Does the Euler characteristic increase if I add an effective divisor

Question

Let $D$ be an effective divisor on a smooth projective connected complex algebraic variety $X$. Suppose that $D\leq E$. Is it true that $$\chi(X,\mathcal{O}_X(D)) \leq \chi(X,\mathcal{O}_X(E))?$$

Answer 1

This is clearly true for curves by classical Riemann-Roch thoerem which computes Euler characteristic of a line bundle in terms of it's degree.

I claim that this is already false for surfaces and will prove that using some basic theory. All of this is covered in Hartshorne.

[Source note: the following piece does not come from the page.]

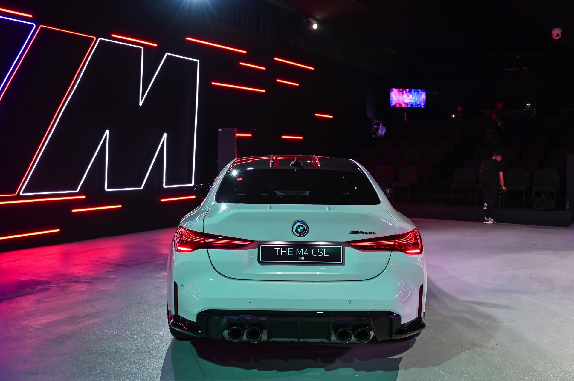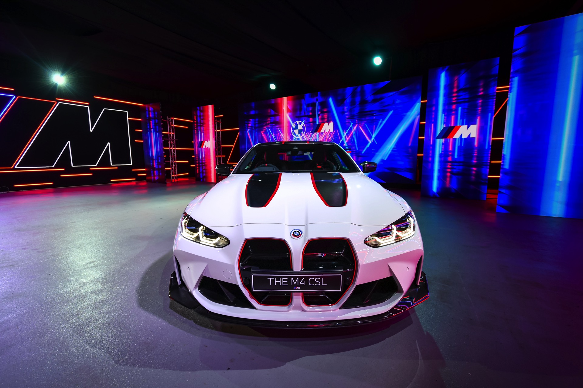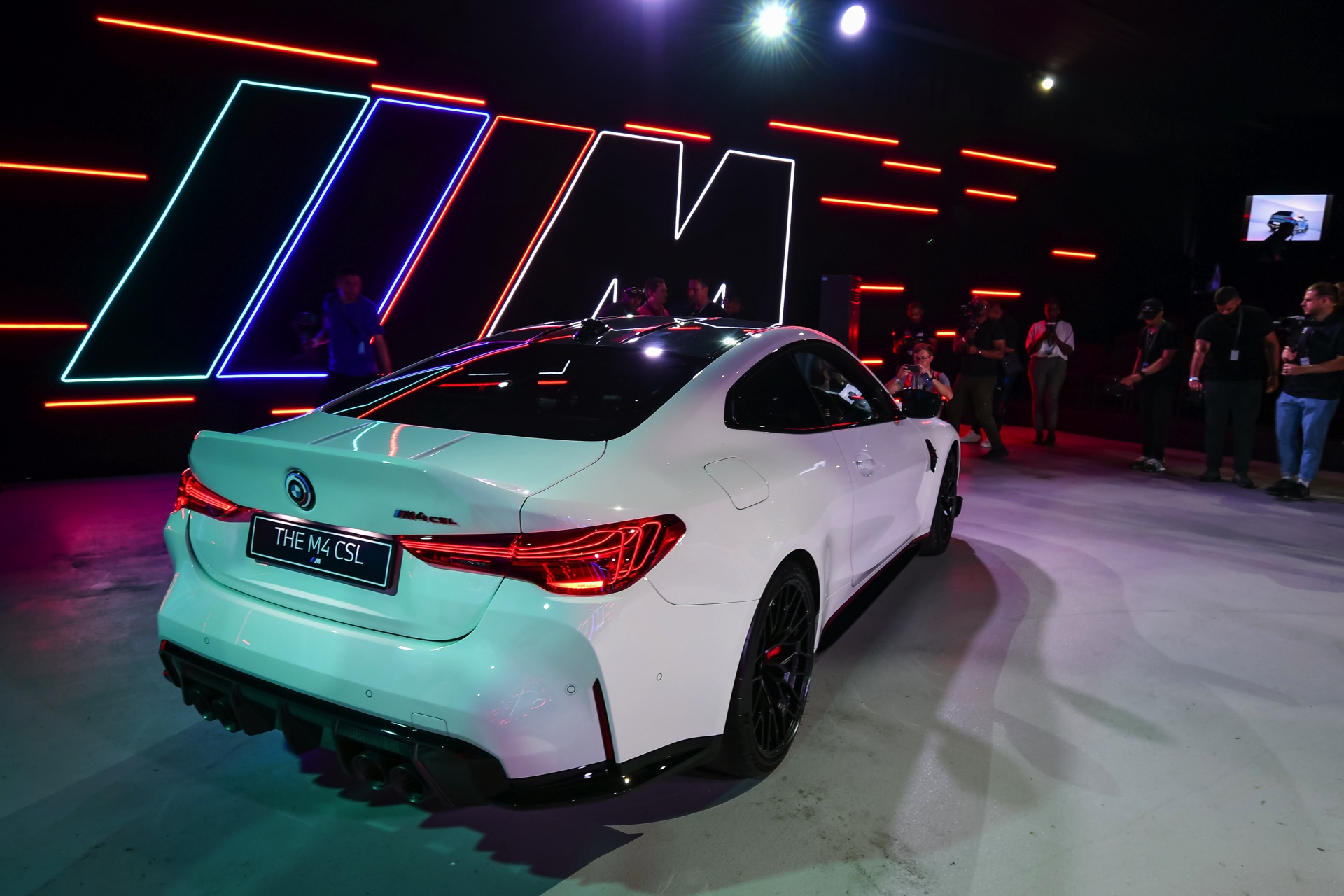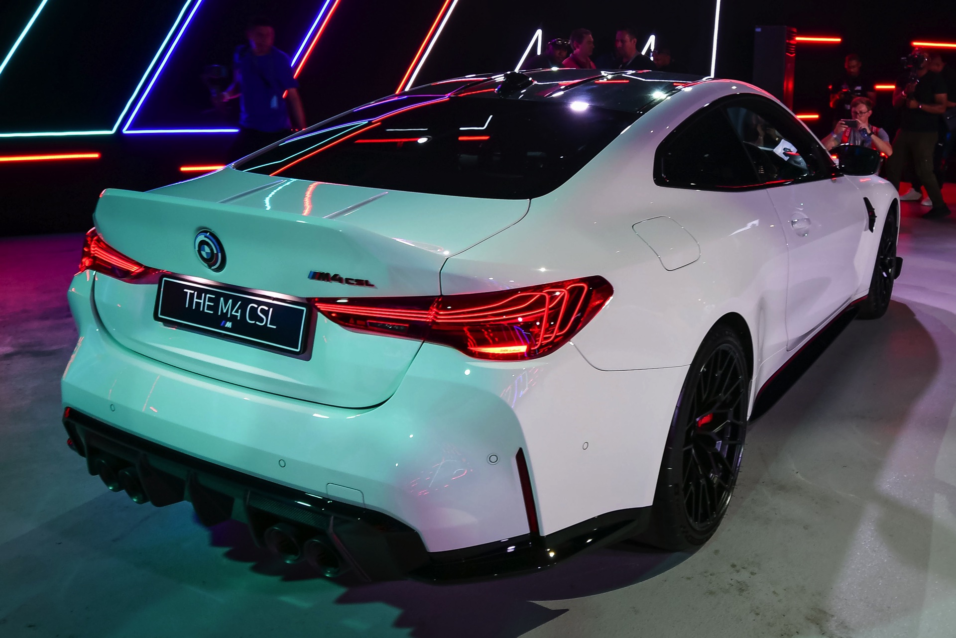 Auch der Frontsplitter und die Seitenschweller verfügen genau wie die Niereneinfassung über rote Akzente, die den besonderen Anspruch des BMW M4 CSL unterstreichen. Absolutes Highlight am Heck ist die Kofferraum-Haube aus Carbon, die mit ihrem markanten Bürzel Aerodynamik sichtbar macht. Bei Dunkelheit rücken außerdem die exklusiv dem CSL vorbehaltenen Heckleuchten mit ihren filigranen Laser-Elementen in den Fokus und sorgen für eine weitere Abgrenzung vom “gewöhnlichen” M4.

Let $X$ be a non-singular, projective surface with trivial canonical sheaf, for example a generic surface in $\mathbb{P}^{3}$ of degree $4$ is of this type by adjunction. Choose some point $P \in X$ and let $\tilde{X}$ be the blow-up of $X$ in $P$ and $E \subseteq \tilde{X}$ be the exceptional divisor. By classical arguments, $E^{2} = -1$ and $K _{\tilde{X}} = E + K _{X} = E$. We can use this data to compute Euler characteristic of $\mathcal{O} _{\tilde{X}} (2E)$ using Riemann-Roch for surfaces, which tells us that

$\chi(\mathcal{O} _{\tilde{X}} (2E)) = \chi(\mathcal{O} _{\tilde{X}}) + \frac{1}{2} (2E).(2E - K _{\tilde{X}}) = \chi(\mathcal{O} _{\tilde{X}}) + \frac{1}{2} (2E).E = \chi(\mathcal{O} _{\tilde{X}}) - 1$.

So $\chi(\mathcal{O} _{\tilde{X}} (2E)) < \chi(\mathcal{O} _{\tilde{X}})$ even though $2E$ is an effective divisor.